Exercise description: For the data below, retype word for word the lines from the one containing "- Пятый слой – посыпаем соус натертым сыром." through the one containing "1.00 Ct of 5.40-5.50"; drop the pictures.

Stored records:
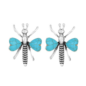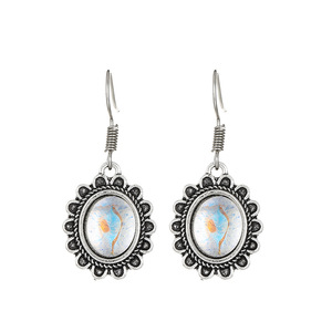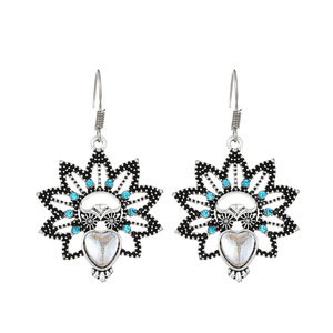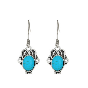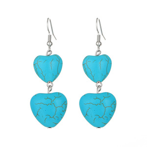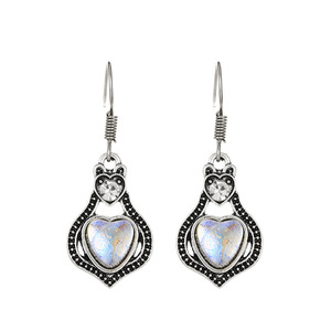 新款爱心绿松石耳环欧美ins风合金做旧几何月光石耳坠民族风耳饰
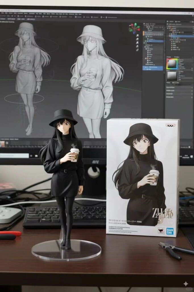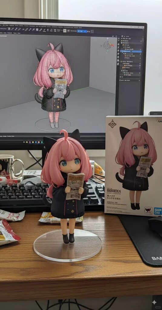 提示词:Prompt : photo into a character figure. Behind it, place a box with the character’s image printed on it .Next to it, add a computer with its screen showing the Blender modeling process. In front of the box, add a round plastic base for the figure and have it stand on it. The PVC material of the base should have a crystal-clear, translucent texture, and set the entire scene indoors.
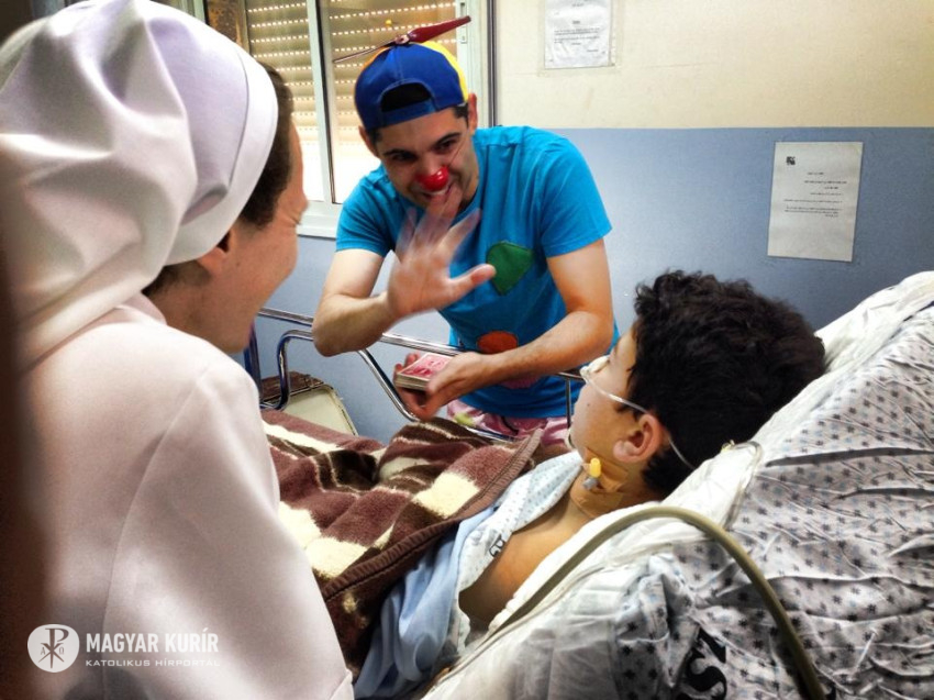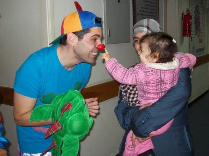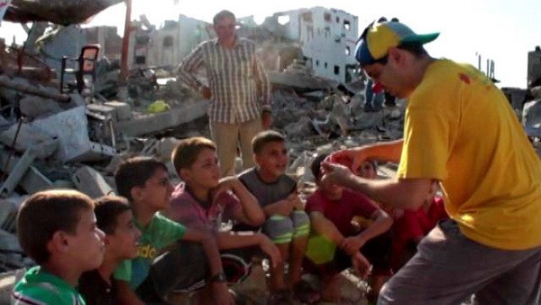 Marco Rodari 38 éves tanár az olaszországi Leggiunóból (Varese), aki önkéntesként tíz évig dolgozott különböző kórházakban, bohócként járta a kórházi gyerekosztályokat, és jó hangulatot varázsolt a beteg gyerekek köré. Majd fogta tarka, propelleres sapkáját és útnak indult oda, ahol háború és pusztítás uralkodik: már 25 utazást tud a háta mögött Irak, Egyiptom, Jordánia és Palesztina háborús övezeteiben. A piros bohócorr augusztus óta Gázában tűnik föl a törmelék és romok között.
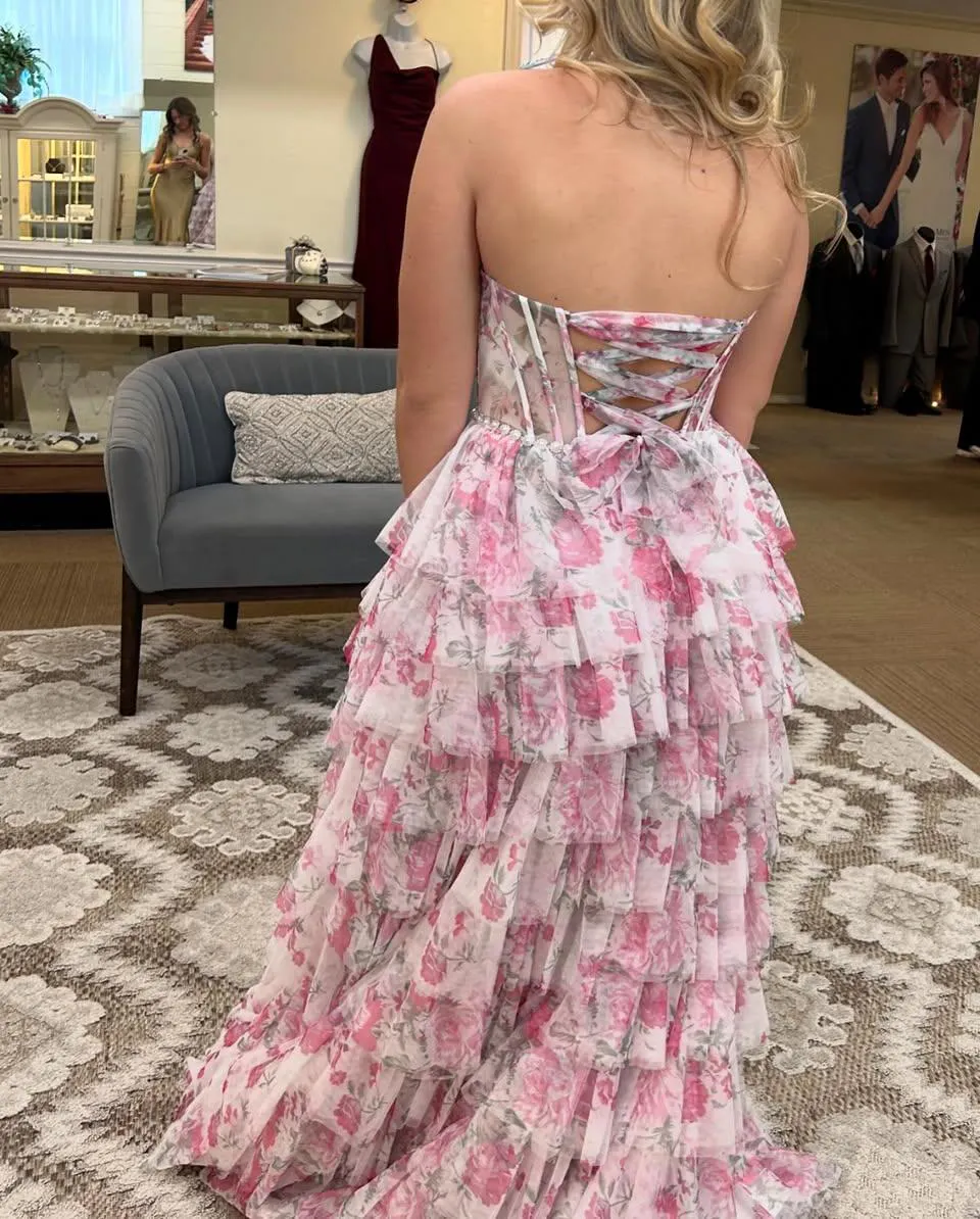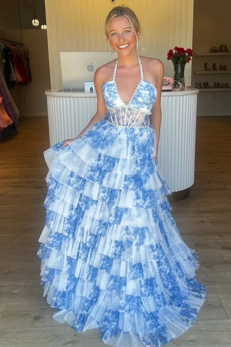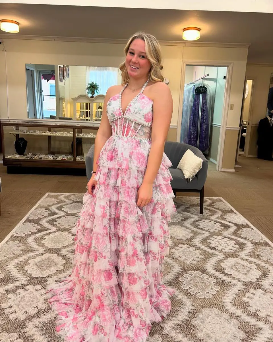 Bloom with elegance in this Gorgeous A-Line Halter Neck Pink Floral Printed Corset Prom Dress with Ruffles. The halter neckline beautifully frames your shoulders, while the fitted corset bodice sculpts your waist for a flattering, feminine silhouette. Flowing into an A-line skirt, the dress moves gracefully with every step, enhanced by soft ruffle accents that add romantic texture and charm. The delicate floral print in soft pinks adds a whimsical, fresh touch, perfect for standing out at prom or any special occasion. Elegant, playful, and unforgettable, this gown is designed to make your night truly magical.
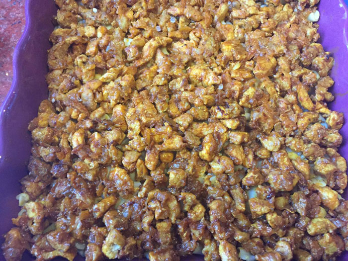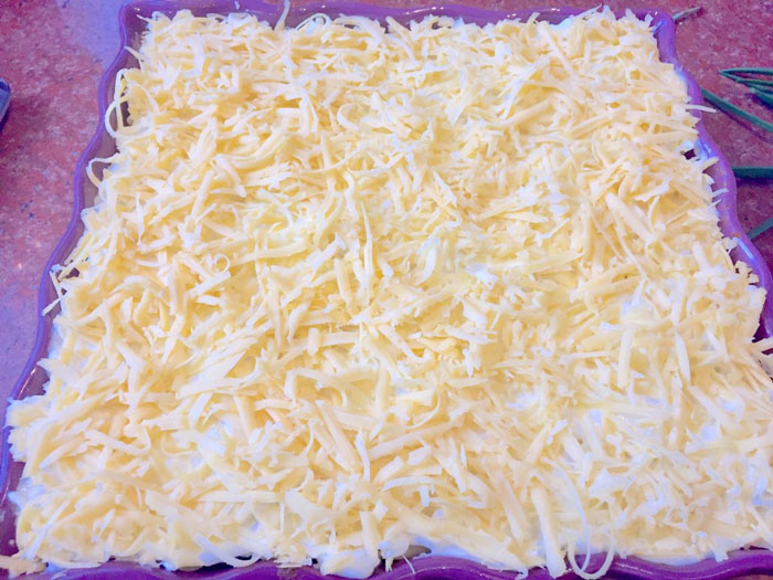 - Пятый слой – посыпаем соус натертым сыром.
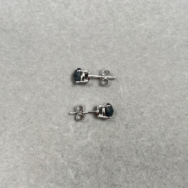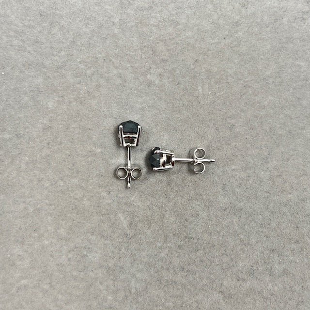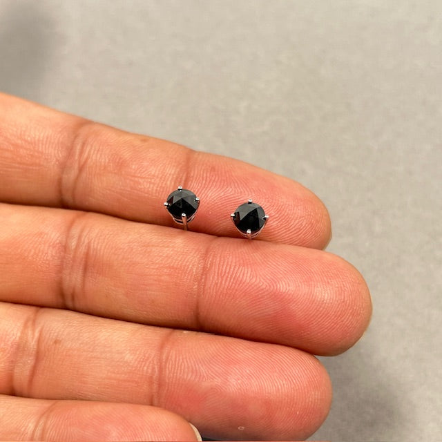 1.00 Ct of 5.40-5.50 mm AAA Round Rose Cut Black Diamond Stud Earrings in 14K White Gold
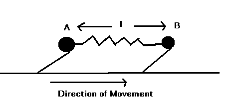 Forces must be exerted on the system to make it move. To be realistic, the motive forces must be generated internally and then the system will use friction and constraints and shape changes to move. With humans, the frictional forces are isotropic, i.e., sliding a foot forward causes the other foot to slide backwards. That is why we must lift one foot to reposition it while the other foot remains static. But snakes and worms remain in contact with the ground and can have anisotropic frictional forces because of their scales. When sliding forward the frictional forces are minimal, but when a body segment slides backward, the scales dig in and the frictional force becomes very large. Below is a figure of a one spring, two mass worm.
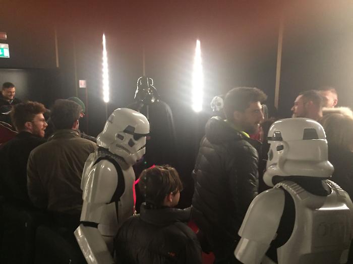 I figuranti ufficiali hanno sorpreso gli spettatori entrando nelle sale cinematografiche durante l’intervallo. Selfie con tutti i fan della saga creata da George Lucas ed iniziata nel 1977. Tanti i fan che già da diversi mesi avevano prenotato i biglietti per la prima rappresentazione nazionale. I figuranti ufficiali, domenica prossima dalle ore 17.30 ritorneranno ad incontrare i fan catanesi all’Uci Cinemas.

Response to the task:
 - Пятый слой – посыпаем соус натертым сыром.
 1.00 Ct of 5.40-5.50 mm AAA Round Rose Cut Black Diamond Stud Earrings in 14K White Gold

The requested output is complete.